Basic purpose of the job

To contribute to execute CDMA (Clinical Development & Medical Affairs) activities in Japan according to TA (Therapeutic Area) strategy between start of clinical development and late stages of commercialization.

Accountabilities

・Strengthen value of  our products by providing medical/scientific robust guidance in the responsible therapeutic area in collaboration with Global and other departments.

・Ensure and support Japanese submission and registrations in the respective products collaborating with regulatory/ clinical development team.

・Support our company make development/data building decision based on total picture (all projects/trials in the respects of resource/budget) in the therapeutic area.

・Prepare Integrated Customer Plan (ICP) to address Japan specific needs, together with Marketing and Market Access & aligned with global IAP (Integrated Asset Plan).

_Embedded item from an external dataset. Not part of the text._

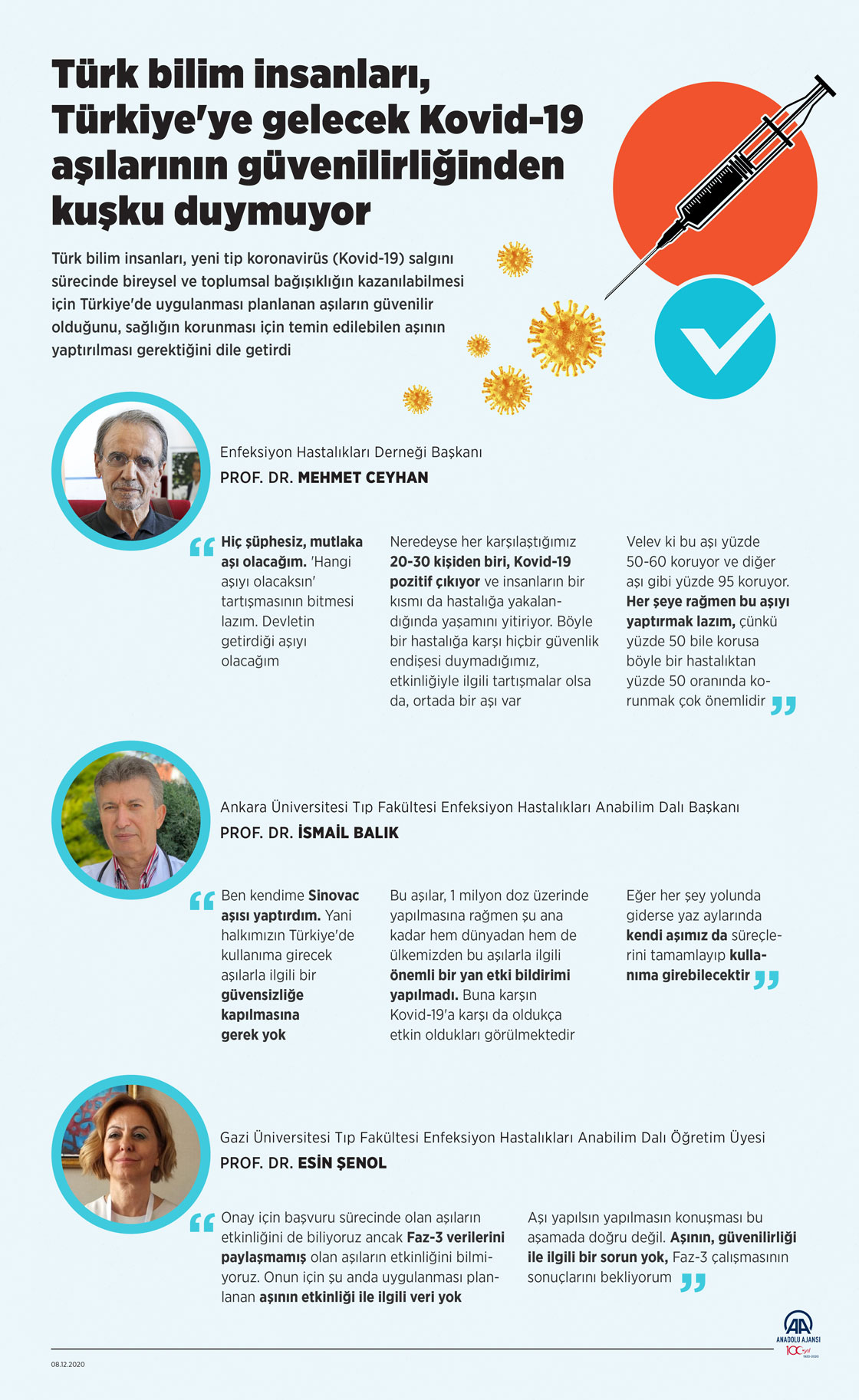 Türk bilim insanları, küresel yeni tip koronavirüs (Kovid-19) salgını sürecinde sağlığın korunmasında doğru bilgiye erişimin önemine dikkat çekerek, geliştirilen aşılara karşı ön yargılı olunmaması, Sağlık Bakanlığı ve Bilim Kurulu ile alanında uzmanı hekimlerin verdiği bilginin referans alınması gerektiğini bildirdi.

・Build new scientific evidence by collaboration with external experts through clinical/pre-clinical researches, external collaborative research and RWE (Real World Evidence) studies.

・Contribution to benefit/risk evaluations of products.

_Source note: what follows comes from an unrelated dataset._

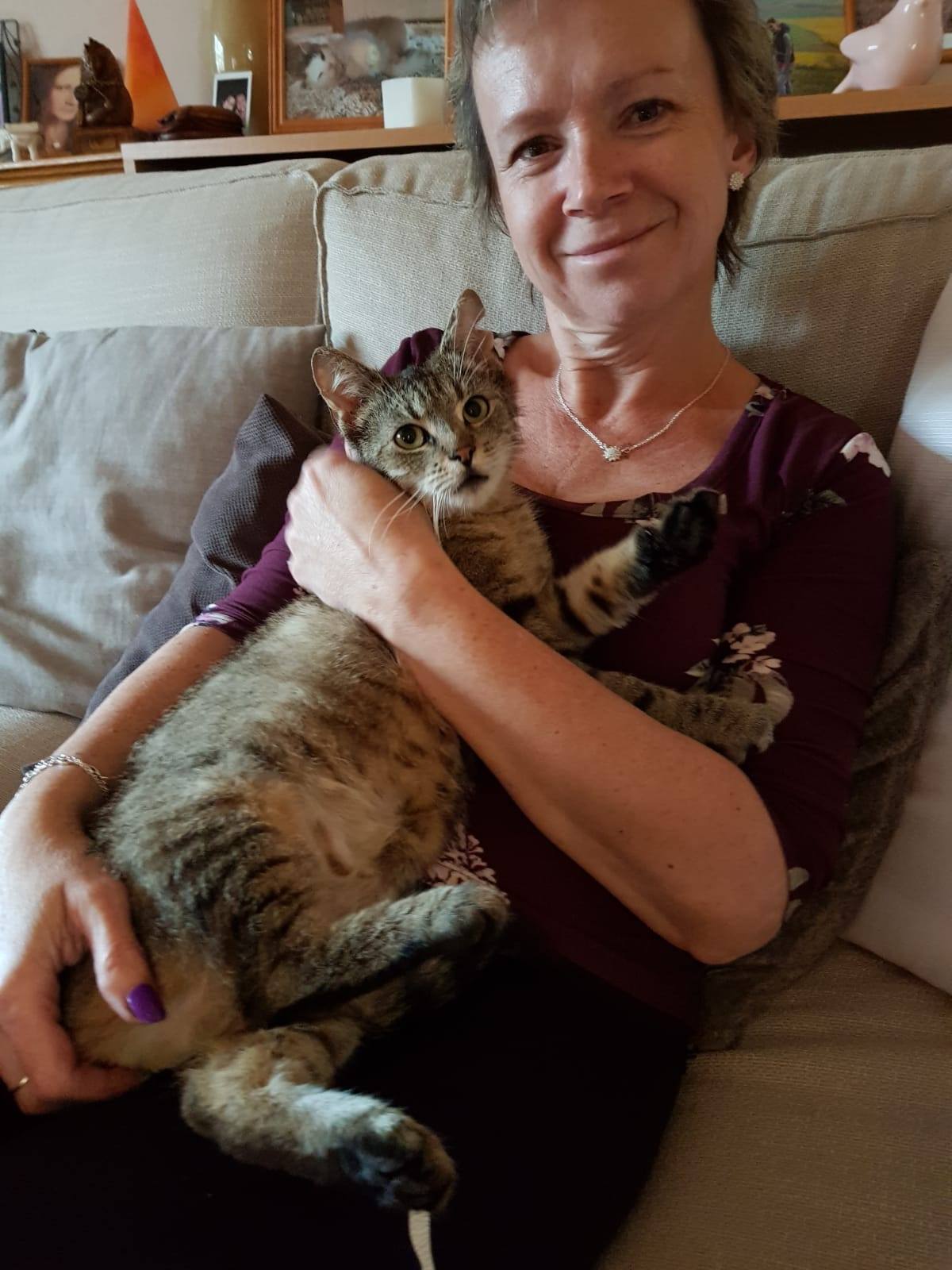 posílám fotku naší Kiwušky…….zvykla si úžasně, pochopila že ji u nás bude dobře a pokaždé když si sednu na gauč přijde, vyskočí a lehne na mě a chce drbat za ušima. Zvládly jsme i naše společné první očkování v Live klinice. Paní doktorka si na Kiwušku pamatovala. Koupily jsme ji i pár nových hraček, je velmi hravá, dobře baští, prostě se má super, a my s ní taky. Dokonce se ukáže i návštěvám…….

・Gain insight from external expert with MSL (Medical Science Liaison) and propose medical strategy.

Regulatory and / or Organizational Requirements

Contribute to strategy and activity review meetings. Ensure ethics and compliance. Plan strategically to allow for effective, safe & medically sound global preparation of drug commercialization efforts. Provide input and medical review of all internal and external documentation prepared by Marketing and Public Relations. Define trials needed to answer relevant questions regarding our products and their related development projects to meet regulatory and payer requirements and our commercial needs build upon from the trial’s concepts developed by the Medical subteam and local project team for registration. Ensure communication with CPL (Clinical Project Leader). Support obtaining preferable pricing.

Job Complexity

・Works in a cross-functional team including MSL, CPL, RA (Regulatory Affairs), PSPV (Patient Safety & Pharmacovigilance), BDS (Biostatistics & Data Sciences), Marketing, and Market Access. Requires driving cross-functional projects.

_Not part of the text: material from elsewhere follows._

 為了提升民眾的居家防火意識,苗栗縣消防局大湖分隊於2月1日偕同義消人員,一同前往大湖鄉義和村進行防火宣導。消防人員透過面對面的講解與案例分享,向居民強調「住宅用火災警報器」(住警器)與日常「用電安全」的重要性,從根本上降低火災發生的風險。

・Plays a key role in planning and leading medical strategy  initiatives in collaboration with internal and external stakeholders.

Interfaces

Integrated brand team, Local/Global R&D team members, Medical Affairs subteam, Team member global epidemiology, etc.

Job Expertise

・Full understanding of compliance requirement in Medical Affairs

・Expertise in people management is valued, but not mandatory. Capability to lead teams or works independently in planning and executing medical strategy is essential.

Minimum Education/Degree Requirements

Master's degree in life sciences. MD or PhD is preferred.

Required Capabilities (Skills, Experience, Competencies)

・TA experience in clinical or research setting, ideally for nephrology or rare disease

・Experience in product launch are preferred

・Capability to conceptualize research projects, conduct basic and/or clinical research independently, and write scientific papers

・Experience collaborating with and managing key opinion leaders and external experts in relevant disease areas

・Strong negotiation and communication skills for both internal and external stakeholders, in Japan and globally

・Excellent project management and cross-functional collaboration skills, with the ability to work in global matrix teams

・Experience leading team projects (evidence generation, medical strategy, new drug launch/approval, collaboration with external stakeholders) ; people management experience is preferred.

・English proficiency (at least TOEIC >800)

・Knowledge of regulations related to clinical research, clinical trials, and clinical development

Regarding publications
・Please submit publication's title and Author.